HOMER — With treated water and sewer services agreed to, Sunrise Coal now moves on to securing a source for hundreds of thousands of gallons of raw water per day for its proposed Bulldog coal mine.
The Terra Haute, Ind., company wants to develop an underground coal mine in western Vermilion County, about 5 miles from Homer. Sunrise has been actively planning the coal mine for two years and has been courting the village for water services for about a year.
But if the Champaign County community of 1,200 people wants to provide untreated water too, a new mayor and new village board will have to make that decision.
With the April 9 municipal election quickly approaching, current Mayor David Lucas and the current village board have only one more meeting together in April. The newly elected village board members will be sworn in at the May meeting.
On Tuesday, Lucas said he will not bring up a raw-water proposal at the April meeting. He said one of the trustees could still bring it up, but whether such an agreement is actually pursued will not be decided with him as mayor or by the current village board.
"It will fall to the new mayor to determine how we want to proceed," said Lucas, who is running for one of the trustee positions but not for mayor. Current Trustee Ray Cunningham, who voted in favor of the treated-water agreement, is running unopposed for mayor. Lucas and five others are running for three open trustee spots on the board.
In addition to Lucas, incumbents Roy Woodmansee, Larry Mingee and Kevin Knott are also candidates for the five trustee spots in addition to newcomers Billy Mitchell and Susan Forsyth. Forsyth has spoken against the proposed water agreements and the coal mine at Homer Village Board meetings.
Regardless the outcome of the April 9 election, it appears there's no way the village board will look the same.
At the close of Monday night's village board meeting when the trustees voted 4-3 to sell Sunrise up to 20,000 gallons of day of treated water plus sewer services, Knott submitted his letter of resignation, effective immediately.
Knott, who had voted against the agreement with Sunrise, said he was fed up with everything around the process. Knott publicly criticized Lucas at Monday night's meeting for posting a statement on the village's website and Facebook, encouraging people to contact Knott and the other trustees who originally voted against the water contract, in an attempt to persuade them to change their votes.

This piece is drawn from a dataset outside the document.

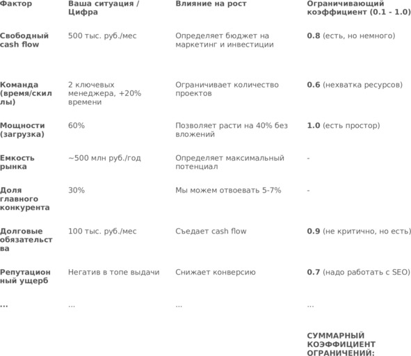 На основе этих данных вы выводите свои целевые метрики. Если ваша мечта была «100 млн выручки», но суммарный коэффициент ограничений 0.8, ваш реалистичный Потолок Роста – 80 млн.
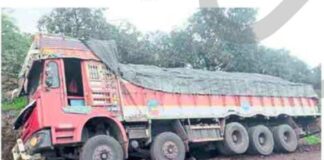 हातखंबा-गुरववाडी येथे ट्रक कलंडला

One of the trustees, Mike Johnson, did just that, changing his no vote on Feb. 11 — when the proposed agreement with Sunrise was defeated — to a yes vote Monday night, and propelling the contract to a 4-3 passage, to the dismay of Knott and the two other trustees, Woodmansee and Guy James, who voted no and thought the issue was over.

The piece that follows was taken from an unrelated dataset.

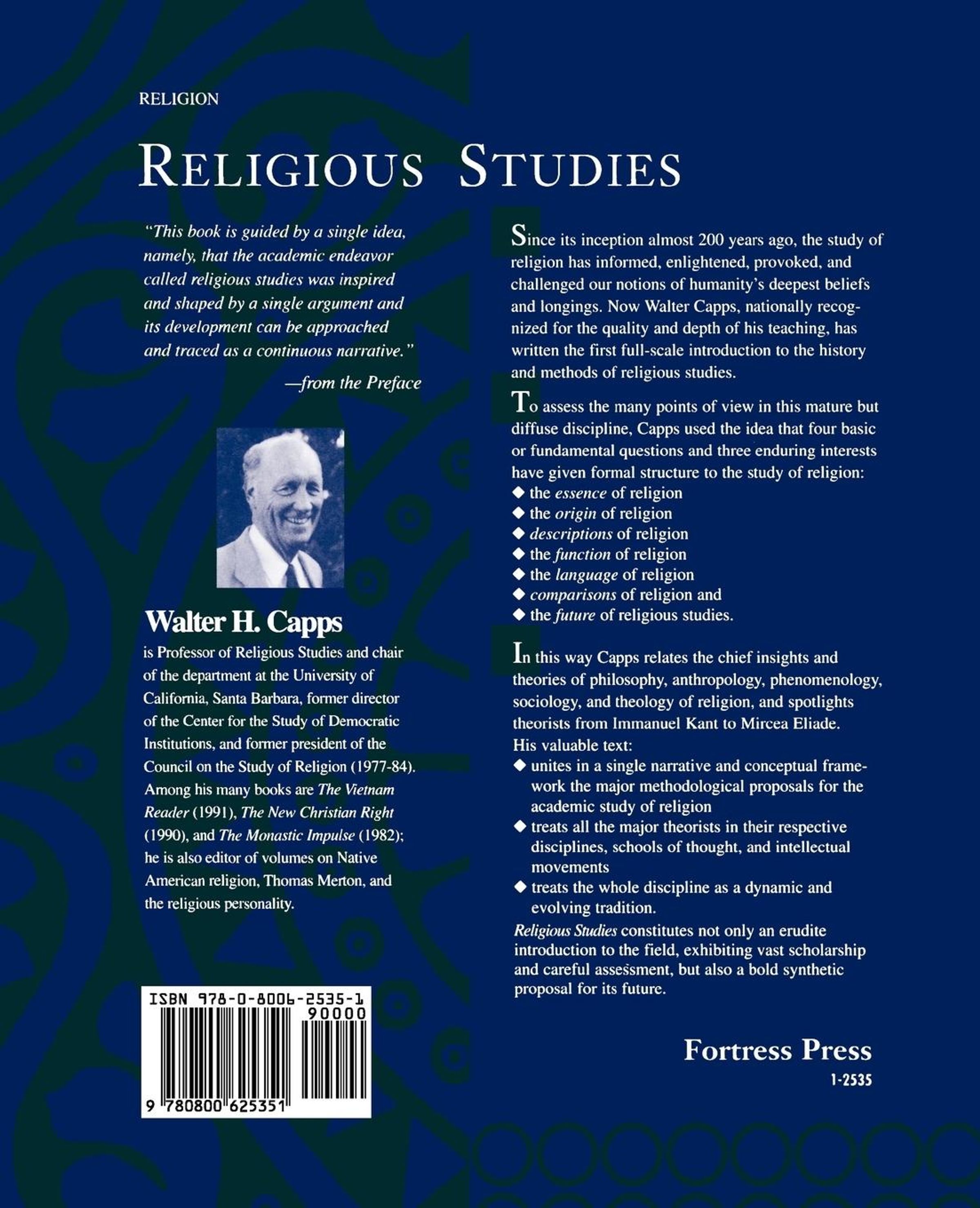 Since its inception almost 200 years ago, the study of religion has informed, enlightened, provoked, and challenged our notions of humanity's deepest beliefs and longings. Now Walter Capps, nationally recognized for the quality and depth of his teaching, has written the first full-scale introduction to the history and methods of religious studies.

Along with his resignation letter, Knott also submitted to the village clerk a statement that if he is elected April 9, he will immediately resign. Lucas said in that case, the new mayor would appoint someone to fill Knott's seat for two years.

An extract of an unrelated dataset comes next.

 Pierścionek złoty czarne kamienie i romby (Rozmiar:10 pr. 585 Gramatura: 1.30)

Suzanne Jaworowski, communications director for Sunrise, said the company is still evaluating several sources for its non-potable water supply, but the original request for raw water that was submitted to Homer in June still stands. The request is for 325,000 gallons a day initially and would increase to 540,000 gallons a day as the mine ramps up production. The raw water is used to wash the coal.
"But honestly, they have not addressed it at all," Jaworowski said of Homer officials. "But it's not as if we rescinded it."
Jaworowski said she would not disclose the sources they are considering for the non-potable water. She said securing the treated water and sewer services took longer than the company expected, so Sunrise hopes to move through this next step as quickly as possible.
"We are looking at different alternatives, and we will be in talks with (Homer) soon enough. We are just looking at all different sources right now," she said.
She said Sunrise is glad to have the treated water and sewer contract complete.
"We also want to be clear that the re-vote was not our doing," she said. "This was completely an organic movement from the board and residents in Homer, and they decided they didn't want this opportunity to pass them by. They were the ones who created the re-vote movement and not us. It speaks to the support that wasn't very vocal but was in the area."